I am just going to share as i go, however here are a few to start with. I have more to add but i don't have the patience to do so right this moment. I am sure i will have plenty more to say on the subject when i'm not so distracted .
I am just going to share as i go, however here are a few to start with. I have more to add but i don't have the patience to do so right this moment. I am sure i will have plenty more to say on the subject when i'm not so distracted .

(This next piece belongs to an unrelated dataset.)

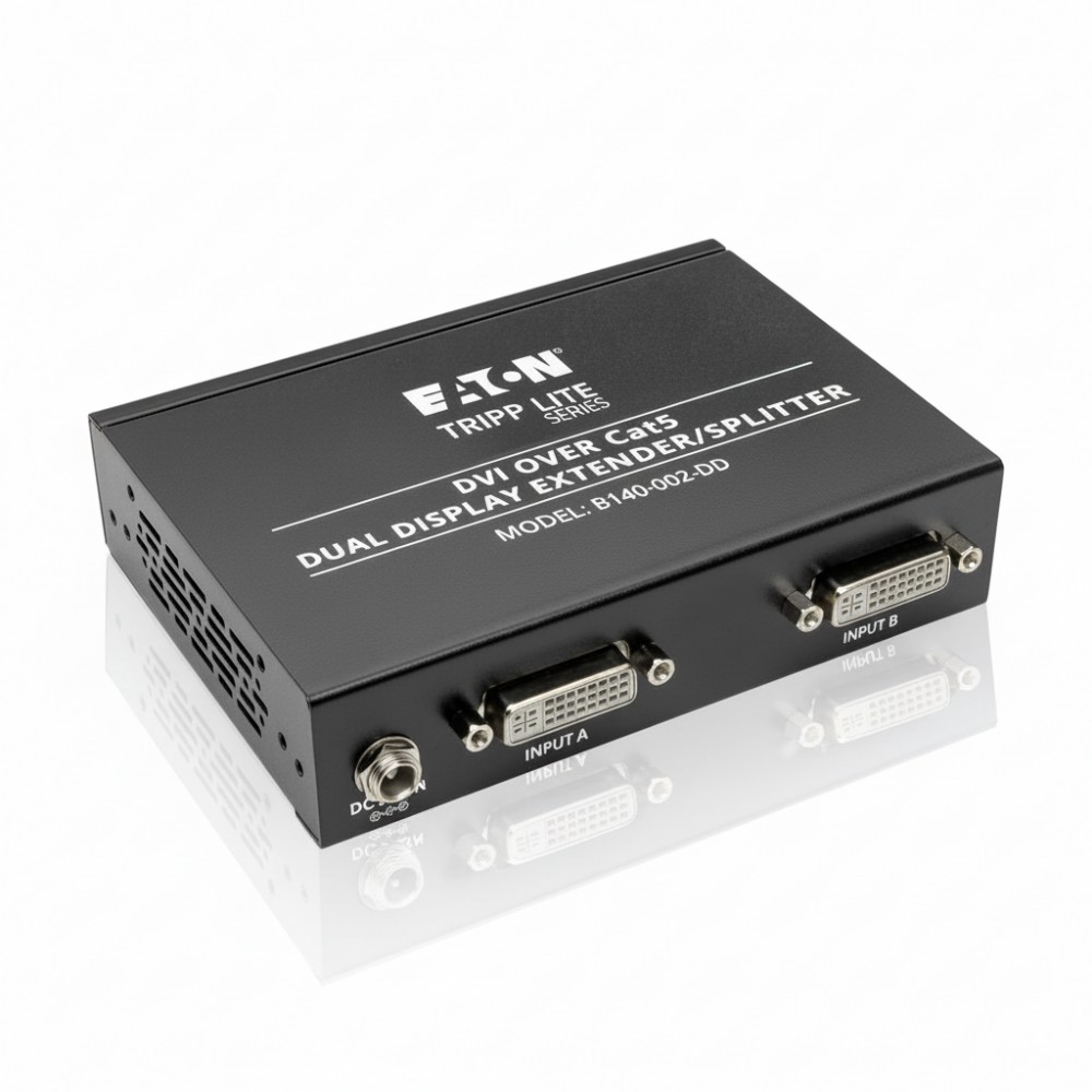 The Eaton Tripp Lite B140-002-DD is a high-performance 2-port DVI over Cat5/6 extender and splitter transmitter designed to distribute dual DVI video signals from two source computers to two sets of dual remote monitors. This solution is engineered to overcome the inherent distance limitations of standard DVI cabling, making it ideal for large-scale digital signage, educational facilities, corporate training rooms, and control centers where clear, consistent video delivery across extended distances is critical. It efficiently solves the challenge of replicating and extending high-resolution DVI video without signal degradation. This versatile device leverages cost-effective Cat5e/6 cabling to transmit DVI-D single-link signals, supporting impressive resolutions up to 1920 x 1200 (WUXGA) at 60Hz. When paired with passive remote receivers, it can extend a 1920 x 1200 signal up to 50 feet or a 1024 x 768 signal up to 100 feet. Utilizing active, powered receivers (sold separately), the extension capabilities expand significantly, delivering 1920 x 1200 video up to 150 feet and 1024 x 768 up to 200 feet. This flexibility ensures optimal video quality tailored to various deployment scenarios and display requirements. Designed for straightforward integration into existing IT infrastructure, the B140-002-DD features a robust metal housing and a plug-and-play setup that requires no software or drivers, streamlining deployment. It includes mounting hardware to facilitate versatile installation options, allowing for secure placement on walls, poles, or within a 19-inch rack. The unit's compatibility with all DVI video sources and computer operating systems, along with its HDCP compliance, ensures broad interoperability and content protection for diverse applications.

Wednesday, February 6, 2013
This mum's journey: page one
Sitting on the shower floor with her arms wrapped around her knees, the steaming water hitting her skin while she reflects on the moments passed and contemplates the moments to come. Feeling rather horrible due to a recent outbreak of sickness that has spread through her home she is enjoying the quiet selfish moment knowing that it won't last. This day will be filled with cries of "mummy i need you' and 'mummy i want this' so she knows she has to pull herself together, both mind and body so that she can give as much as she possibly can. Her two sick little boys have been put through the wringer this past week or so and are tired, miserable and needy, one staving off an infection and the other possibly beginning to develop it. Wishing she could take it all away and suffer it all herself on their behalf but knowing she can't is beginning to make her feel frustrated and helpless. A screaming, tear filled knock on the bathroom door trips her back into reality and she knows that this time of selfish quietness has come to an end. Dragging her body up off the floor and out of the heavenly stream of warmth created by the shower is a difficult task. The cries have stopped but she knows that it won't be long before they begin again. Reluctantly drying and dressing herself she steps out of her coocoon and back into her world. The sound of the door closing behind her is quickly followed by the sound of bare feet padding across the tiles in her direction. She turns and looks down upon the face of the little person that has made his way to her, tears still glistening in his big brown eyes and a steady stream of snot running from his nose down to his lips. He holds his arms out and says 'mummy'. She scoops him up in her arms and as he wraps his arms around her and nestles into her shoulder she realises just how worthwhile her life really is.
It's been a while, simplifying
Those of you who have been a part of my blogging journey will know that i change my mind every 5 minutes and i like to start new projects and i don't always get the chance to follow them through. It's never because i don't want to keep going with them, its usually because i am such an all or nothing type of person. If i can't give something my constant attention then the fire burns out. At this point in time i am attempting to simplify, beginning with my blogs. I have removed all of the other ones that i was working on and i am now just going to use this one. I feel like i just get confused sometimes when i do too many things so i am just going to use this as a place to share every part of my journey. So we'll see how it goes.